In this work, we analyzed the problems with existing systems and used it to design our system. Realizing that it takes a long time for a new system to stabilize, we tried our best to reuse existing components and added new components only when we could not get by with adding features to existing ones. We used our system to successfully process three terabytes of DPOSS image data in under a week by using idle CPUs in desktops and commodity clusters in the UW-Madison Computer Science Department and Starlight, a network access point located in Chicago.

2 Limitations of Current Systems

Some of the limitations of the current systems in handling data intensive distributed computation are as follows.

Data movement part of computation. Existing systems closely couple data movement and computation. This results in re-computation whenever the output data transfer fails. This is especially bad for data intensive applications, where the transfers have a higher likelihood of failure because they move large amounts of data. Further, if there are intermittent network failures, we may be unable to complete the transfer unless we can resume the previous failed transfer.

Data movement not scheduled. There is no scheduling of data movement. This has resulted in storage server thrashing/crashing when a large number of compute nodes read/write data from/to it respectively. When a large number of compute nodes write data to a storage server, it acts as a distributed denial of service attack.
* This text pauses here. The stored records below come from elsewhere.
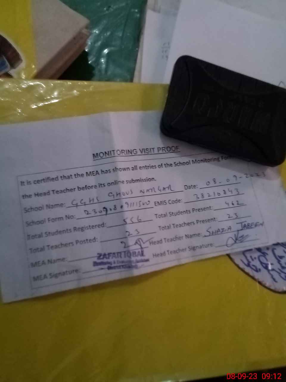 | Attendance Register | Head Teacher | MEA with School | Visit Proof |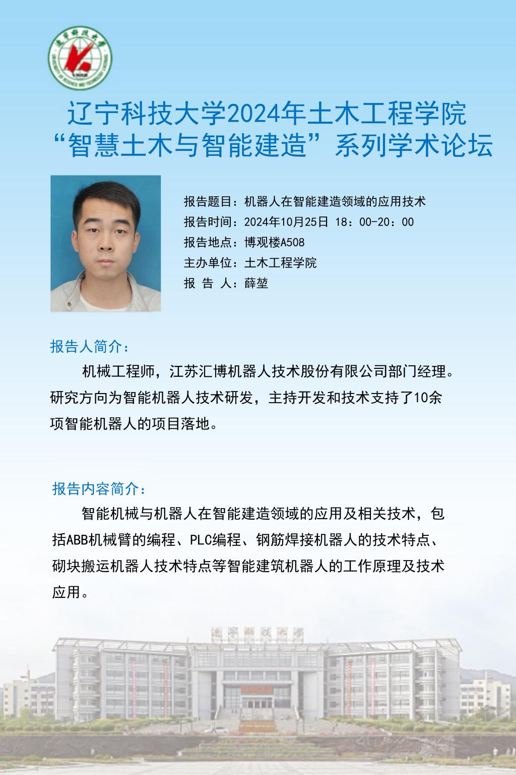 学术预告:机器人在智能建造领域的应用技术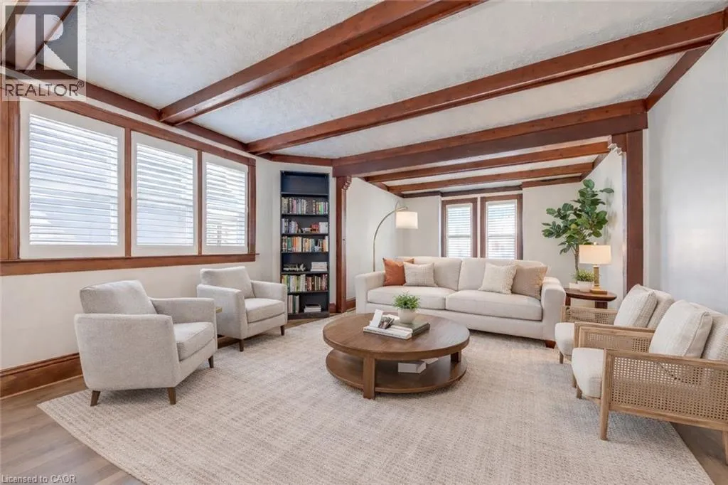 Morrison to St. Clair to Ellis Charming century home on a deep, tree-lined lot! Welcome to 4456 Ellis St, offering nearly 1600 sq ft of above ground space with 4 bedrooms and 2 bathrooms, blending timeless character with thoughtful modern updates, highlighted by exposed natural wood beams, California shutters, fresh paint throughout, and new flooring on the second floor. The kitchen is equipped with newer appliances including a brand new dishwasher and stove, while major updates completed in 2017 include the roof, furnace, A/C and windows, providing peace of mind for years to come. The triple-wide driveway accommodates up to four vehicles and offers space for a trailer. Situated within walking distance to the GO Train station, library, Niagara Parkway and scenic trails, this property offers the perfect combination of charm, space and convenience. Some images are virtually staged. (id:27476)
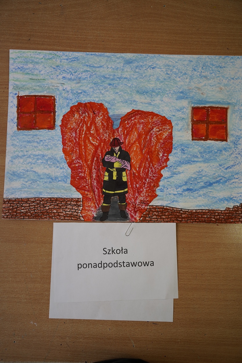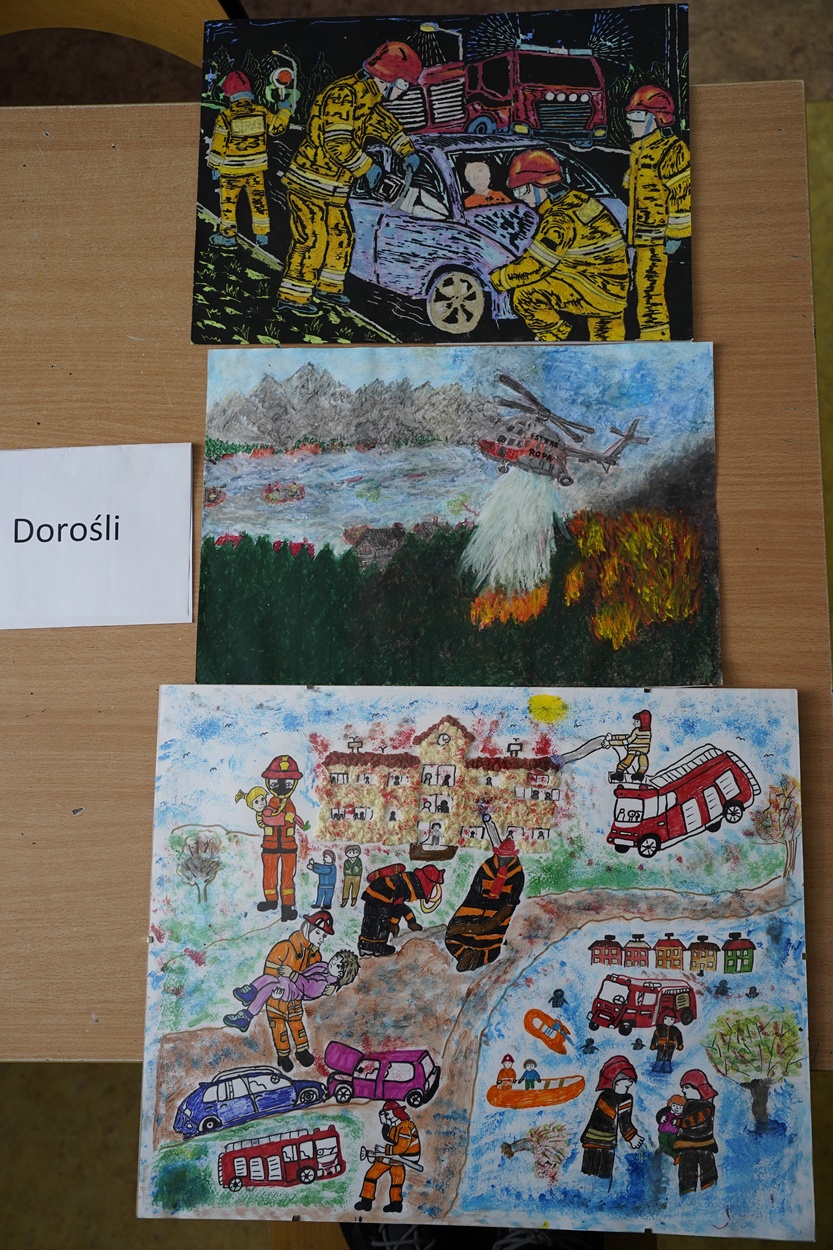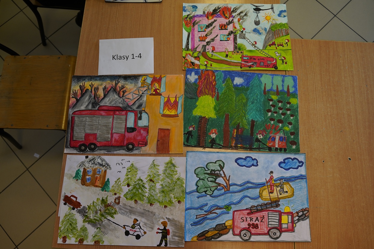 Do oceny na szczeblu powiatowym Ogólnopolskiego Strażackiego Konkursu Plastycznego w Gorlicach, w skutek przeprowadzenia eliminacji gminnych, złożono

Inability to distinguish between transient and permanent failures. Current systems do not differentiate between transient and permanent failures and apply the same strategy to both, resulting in the system being unable to handle each class of failure appropriately. For instance, some systems waste resources trying to recover from a permanent failure, which results in a considerable delay before the user notices the problem. At other times, they give up too soon on transient failures, resulting in application level failure that needs user intervention to fix. For instance, many data transfers fail because of temporary network outage and temporary non-availability of a storage server and users would prefer the system to automatically recover from such transient failures.

Need artificial dependencies to prevent overcommiting of resources. Existing systems allow users to specify dependencies between jobs. However, they do not allow them to restrict the number of concurrent jobs of a certain class. Many applications need to restrict the number of concurrent jobs in a certain processing stage, as the jobs can open only so many database connections without overwhelming the server, or because of space limitations in the shared fileserver. To accomplish this, users have to introduce artificial dependencies between jobs/pipelines. In this case, a failure of one pipeline may prevent a set of other independent pipelines from executing because of the artificial dependency, resulting in sub-optimal throughput.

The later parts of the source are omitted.